Postgresql – Email address unique or primary key

postgresqlprimary-keyunique-constraint

I am a newbie in databases. I read around and found out that it's probably not a great idea to use email address as primary key because string comparisons are slower which effects performance in complex joins and if an email changes I'd have to change all the foreign keys which requires a lot of effort.

But if my users table requires every user to have an email address and each of those email address should be unique, will adding a unique index on the email column suffice? Because afaik unique fields allow null values, whereas I require every user to have an email address, not allowing null values. Is there something I'm missing here? Or I'm suppose to make email column unique and make sure during data validation on the server that user does enter an email address so that every user has one?

Best Answer

Let's first distinguish between keys and indexes, key is part of the logical model and is often implemented with an unique index. You can however create a unique index without creating a key, but that can not be referenced by a foreign key.

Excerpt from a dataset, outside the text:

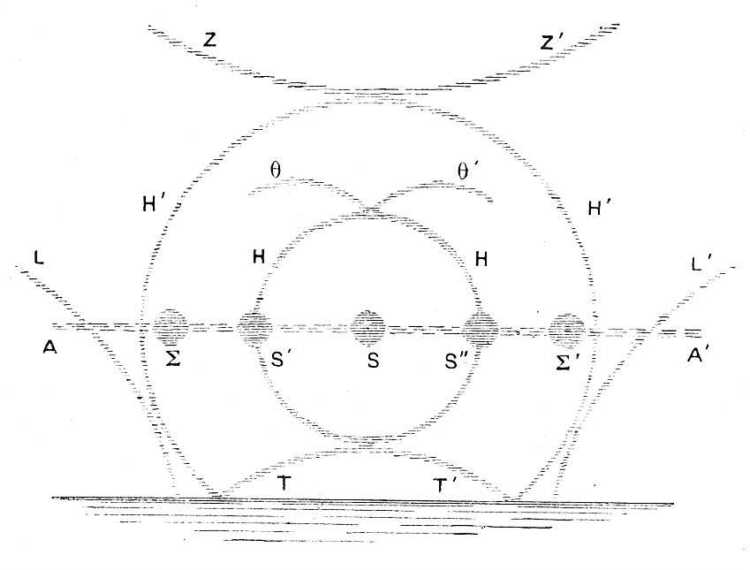 S a Nap, körülötte van a tulajdonképpeni fényudvar, a HH kör; az AA' melléknapi kör nevét viselő vízszintes, fénylő átmérő két végén van az S' és S'' melléknap, mely két nagy színes, belül piros, fénylő folt.

A candidate key is something that uniquely identifies a row in a table, in SQL one of the candidate keys are normally used as a primary key (I never really understood why one of the c.k. is concidered "better" than the others, but that's another story), and the remaining c.k becomes unique constraints.

A unique constraint can be used the same way as a primary key can. Consider:

create table A ( x ... not null
               , y ... not null
               , z ... not null
               ,     unique (x)
               ,     primary key (y,z) );

create table B ( x ...
               ,   ...
               ,     foreign key (x) references A (x) );

create table C ( y ...
               , z ...
               ,   ...
               ,     foreign key (y, z) references A (y, z) );  

B references the unique constraint and C references the primary key constraint.

NOT NULL is yet another kind of constraint. In your case you can enforce this for email without declaring it unique.

The next aspect of your post concerns the stability of a key, a key should be stable (but that doesn't mean it can never change, it does not have to be immutable). Some DBMS implements ON UPDATE CASCADE that can be of help for such operation, still if the key is distributed around your model it will be a pain updating it.

In your case I would probably choose another candidate key as the primary key, and declare email to be NOT NULL and UNIQUE.